2. What is the challenge with the prefilling stage for long prompts? For long prompts, the prefilling stage can be slow because the KV cache must be computed for all tokens, and the cost of computing attention increases quadratically with the number of tokens in the prompts. This can significantly increase the time-to-first-token (TTFT).
3. What is the key question that the paper aims to address? The paper aims to address the question of whether all prompt tokens are essential for generating the first token, and explores ways to selectively compute the KV cache to improve the TTFT.
[02] LazyLLM
1. What is the key idea behind LazyLLM? The key idea behind LazyLLM is to selectively compute the KV cache for tokens that are important for predicting the next token, and "lazily" defer the computation of remaining tokens to later steps when they become relevant.

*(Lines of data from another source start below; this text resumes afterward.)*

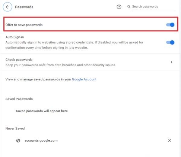 2-اطمینان حاصل کنید که گزینه Offer to Save Passwords روشن است.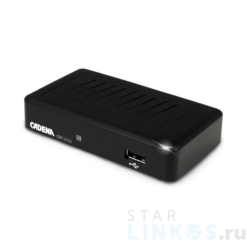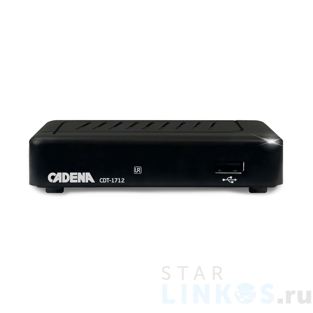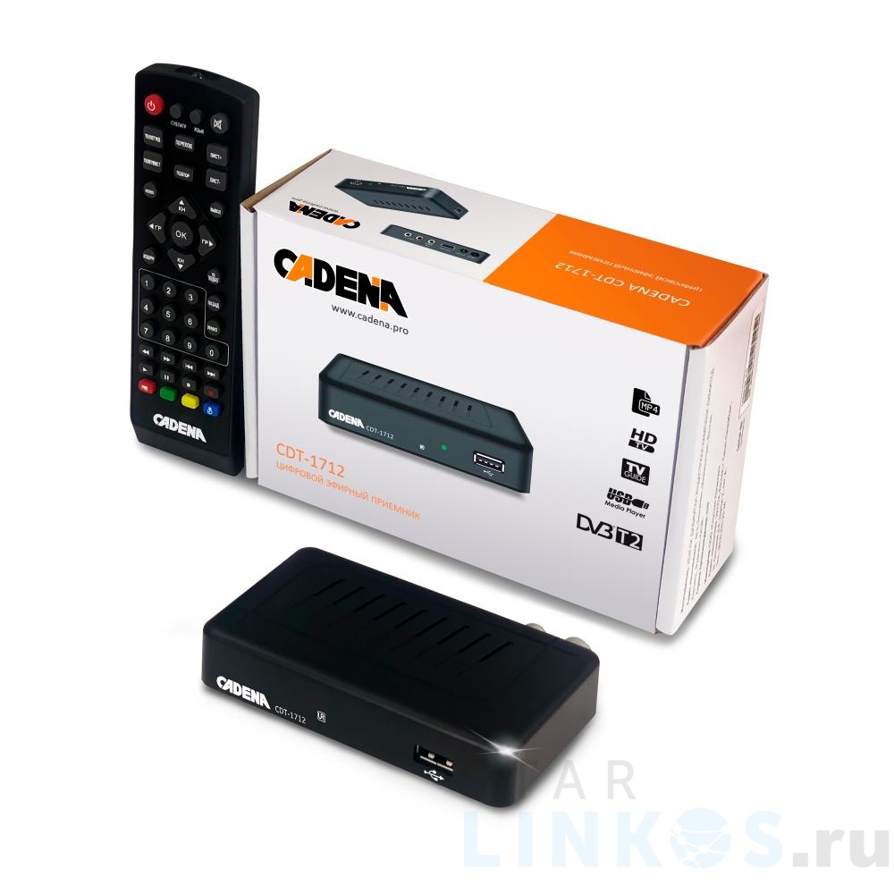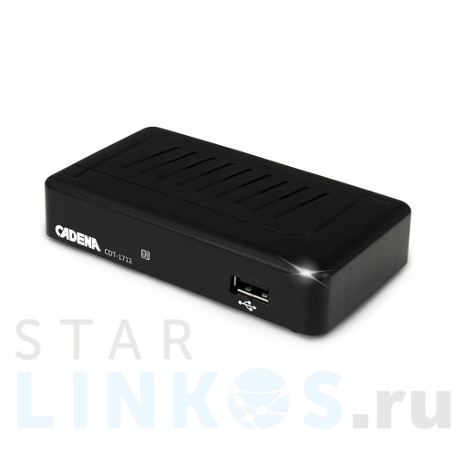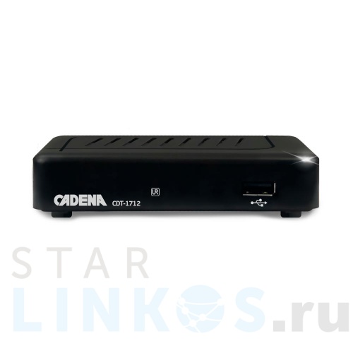 Комплектация Цифровой эфирный приемник CADENA CDT-1712, Пульт ДУ RC1712IR, Элемент питания : 1,5В AAA – 2шт., Блок питания A1712 DC5В/1,5А, Шнур 3RCA-3RCA - 1шт., Руководство пользователя, Гарантийный талон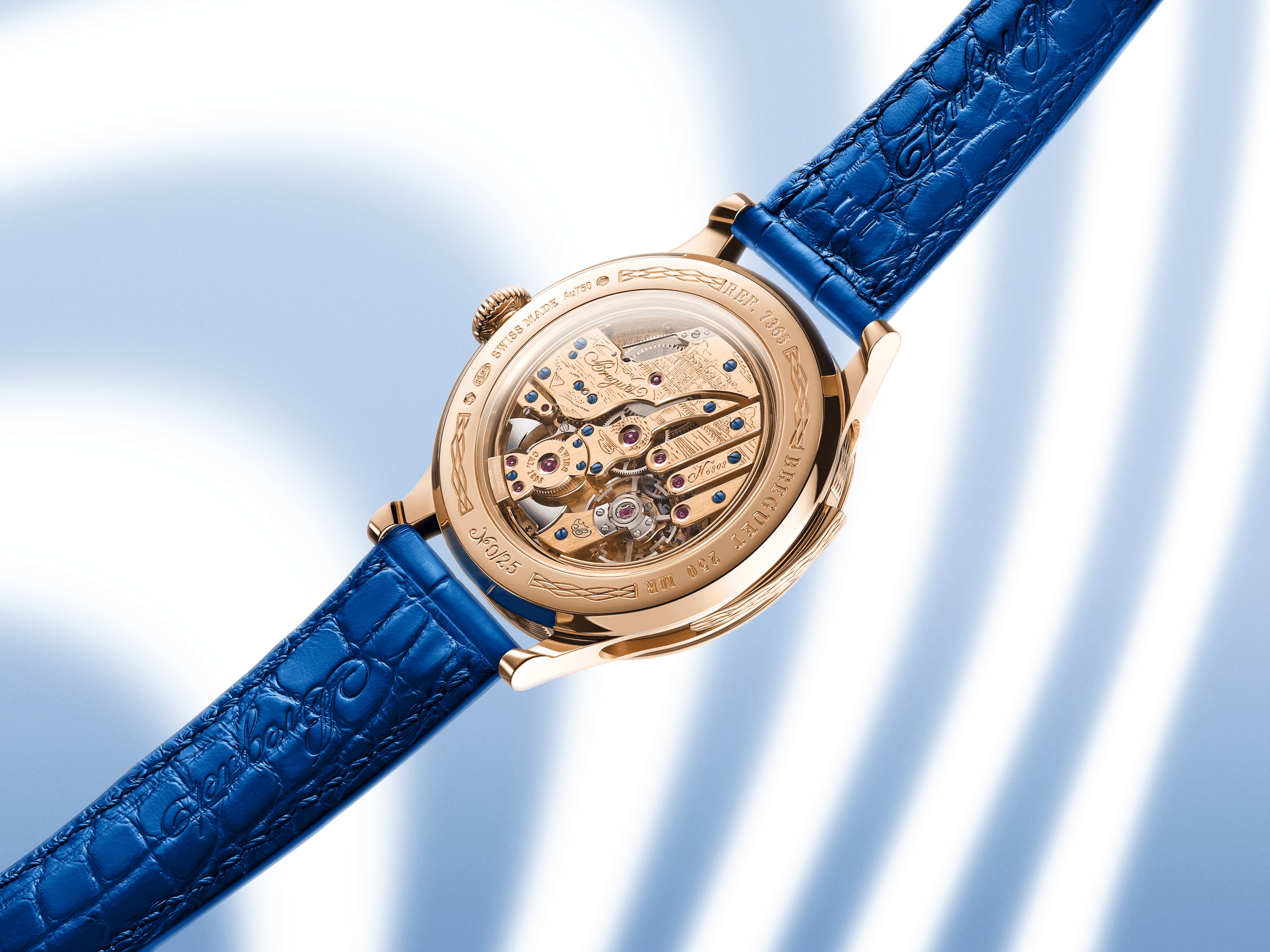 It is powered by a new movement; it is the first water-resistant minute repeater ever created by Breguet and is only one to offer a 75-hour power reserve. It is also the first watch of this type in Breguet gold (case and calibre), with a unique dial in Bleu de France grand feu enamel. Its case is directly inspired by the Souscription watch that launched the manufacture’s anniversary celebrations this, year and aligns with the new aesthetic codes of the brand’s Classique line of watches.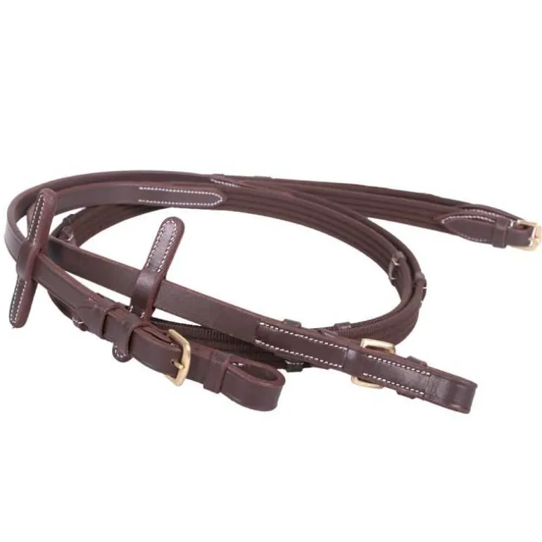 Ce bridon est livré avec des rênes en toile assorties avec fermeture à boucle.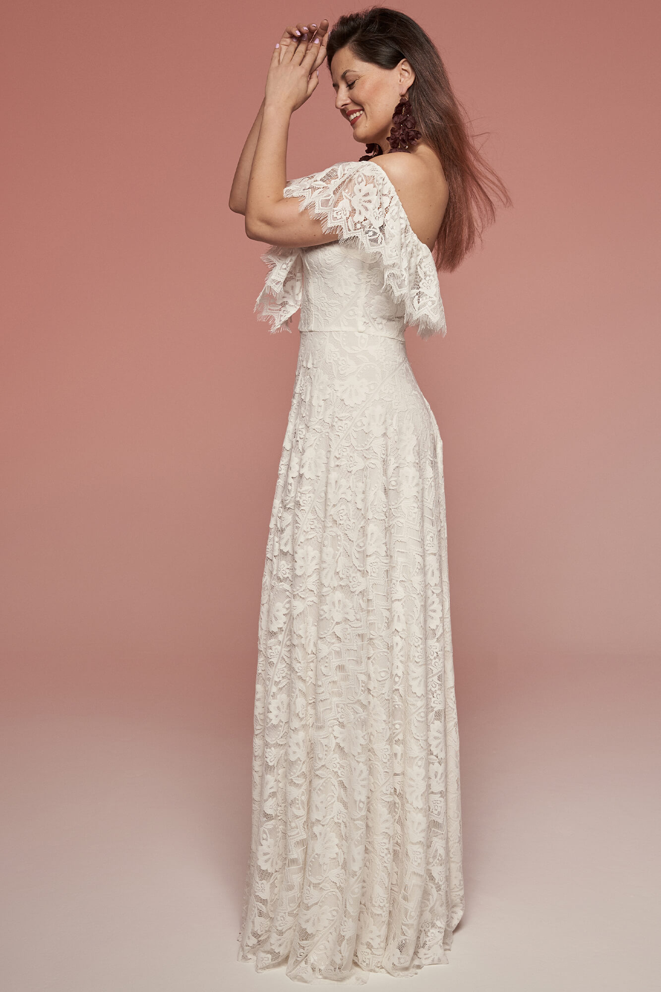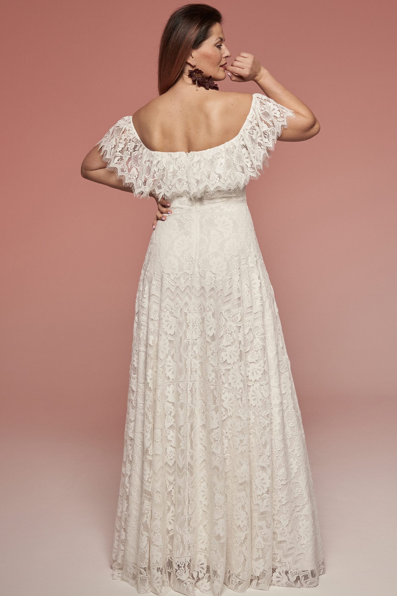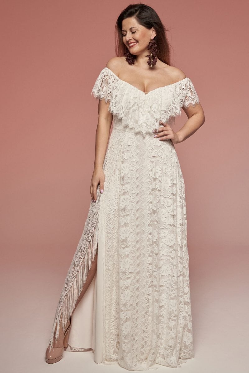Uszyta ze sprawdzonych i przetestowanych przez nas materiałów. Używane przez nas koronki są mięciutkie, a dzięki swej lekkości cudownie układają się na sylwetce i pięknie wirują w tańcu. Ich elastyczność sprawia, że pracują z Twoim ciałem. Zapewniają komfort rosnącemu ciążowemu brzuszkowi. Praktycznie wszystkie nasze koronki są łatwe do prania w domowej pralce i niegniotące, dzięki czemu swoją suknię spokojnie możesz spakować do walizki i zabrać na romantyczną sesję poślubną.

2. How does LazyLLM perform progressive token pruning? LazyLLM uses the attention score of the prior transformer layer to measure the importance of tokens and progressively prunes tokens along the depth of the transformer. It keeps more tokens at earlier transformer layers and gradually reduces the number of tokens towards the end of the transformer.
3. How does LazyLLM address the challenge of reviving previously pruned tokens? To address the challenge of reviving previously pruned tokens, LazyLLM introduces an additional caching mechanism called Aux Cache, which stores the hidden states of pruned tokens. This enables a computationally efficient pathway to revive pruned tokens and ensures that the worst runtime of LazyLLM is never slower than the baseline.
[03] Experiments
1. What are the key findings from the experiments on TTFT speedup vs. accuracy? The experiments show that LazyLLM can consistently achieve better TTFT speedup with negligible accuracy drop across multiple tasks, compared to baseline methods like random token dropping, static token pruning, and prompt compression.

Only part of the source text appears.